Employment laws are among the most damaging. The crisis of the Euro has distracted attention from the desperate need for so many economies in the Euro to reform labour laws and reduce regulation. The EU doesn't just have a debt crisis, it has a competitiveness crisis.

The Economist has just produced a survey of unemployment across the continent. The survey points to the disproportionate impact of unemployment on the young. 42% of Spanish young people between the ages of 15 and 24 are unemployed compared to the national rate of 21%.

Redundancy and other employment protection entitlements for those who are in work are horrendously expensive in countries like Spain, France and Belgium. The cost is not just borne by employers and taxpayers. It is borne by the unemployed; who employers cannot afford to take on given the financial stranglehold older workers who have been in situ for years have over their employers.

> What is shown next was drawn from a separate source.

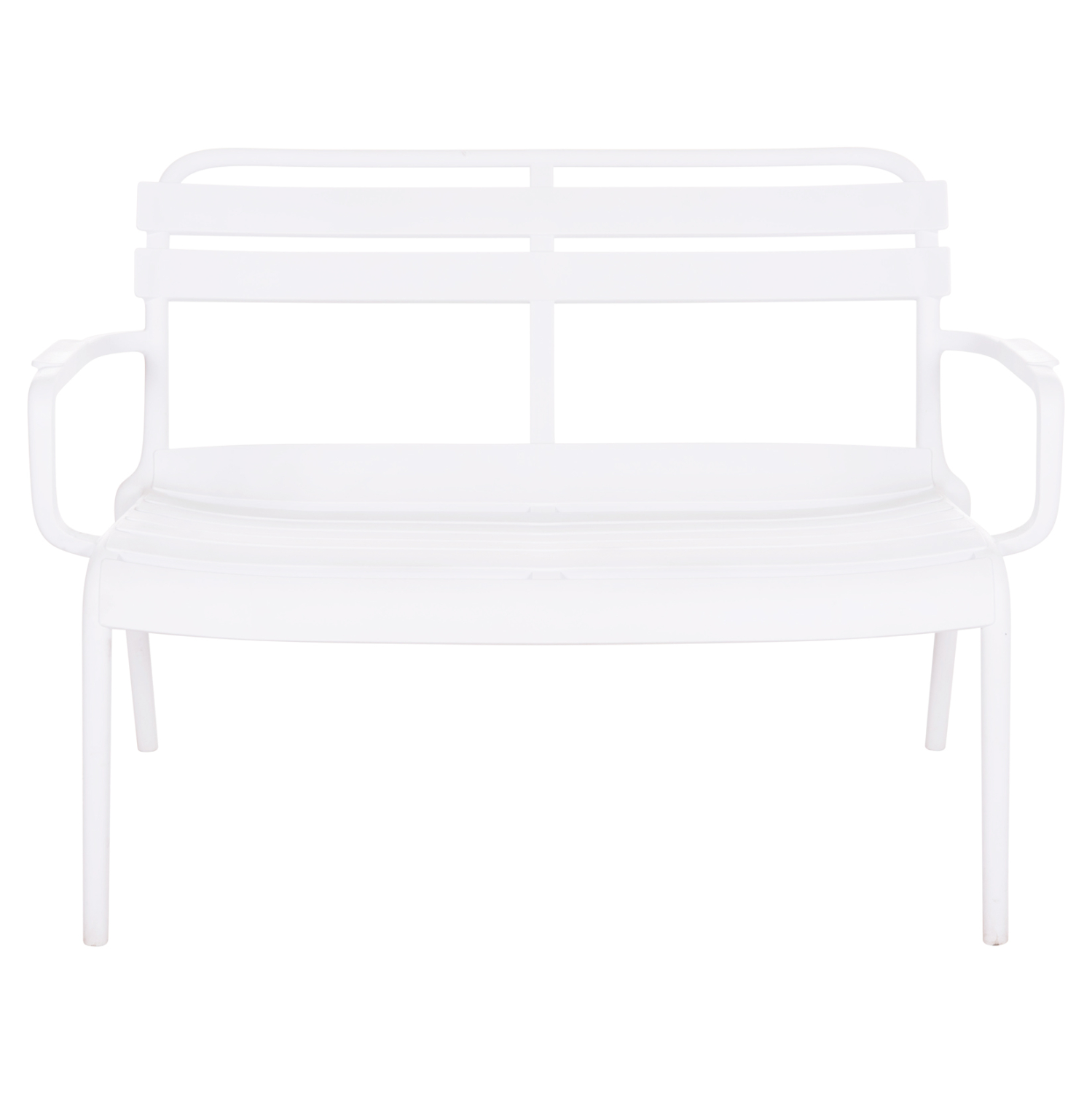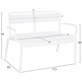 Το 2θέσιο παγκάκι εξωτερικού χώρου KORVER είναι εξολοκλήρου κατασκευασμένο από πολυπροπυλένιο σε ΛΕΥΚΟ χρώμα. Σχεδιαστικά, είναι λιτό με όμορφες καμπύλες, με πλάτη και μπράτσα, και μπορεί να χρησιμοποιηθεί με πολλούς τρόπους προσφέροντας μια πρακτική και ανθεκτική χρήση. Ιδανική πρόταση για χρήση σε εξωτερικούς χώρους, είτε επαγγελματικούς (χώροι δεξιώσεων, εταιρείες catering, κλπ.) είτε για το σπίτι.

Here are a few examples of what needs to change. The cumbersome state aid laws blamed for the loss of jobs at Bombardier, the overzealous equality laws blamed for the impending hike in insurance premiums for female drivers, the encroachment of employment laws that increase costs and make working hours impossible to roster efficiently in our hospitals, the environmental agenda that is disproportionate and threatening our chemicals industry, the constant revisions to the Reach guidelines that threaten to force huge increases in animal experimentation, and the interference in our borders policy that makes it potentially difficult to incentivise employers to recruit people claiming out of work benefits for fear of discriminating against foreign workers. The list is a very long one indeed.

Cutting free from these restrictions is essential to the recovery of the British economy. But such a course is also fundamental to the economic future of the Euro zone economies. The best option for the UK is to take the lead in recasting the EU in a competitive light. But time is not on our side and this policy for the long term needs to be supplemented by something more unilateral on behalf of UK PLC to enable our economy to grow significantly once again.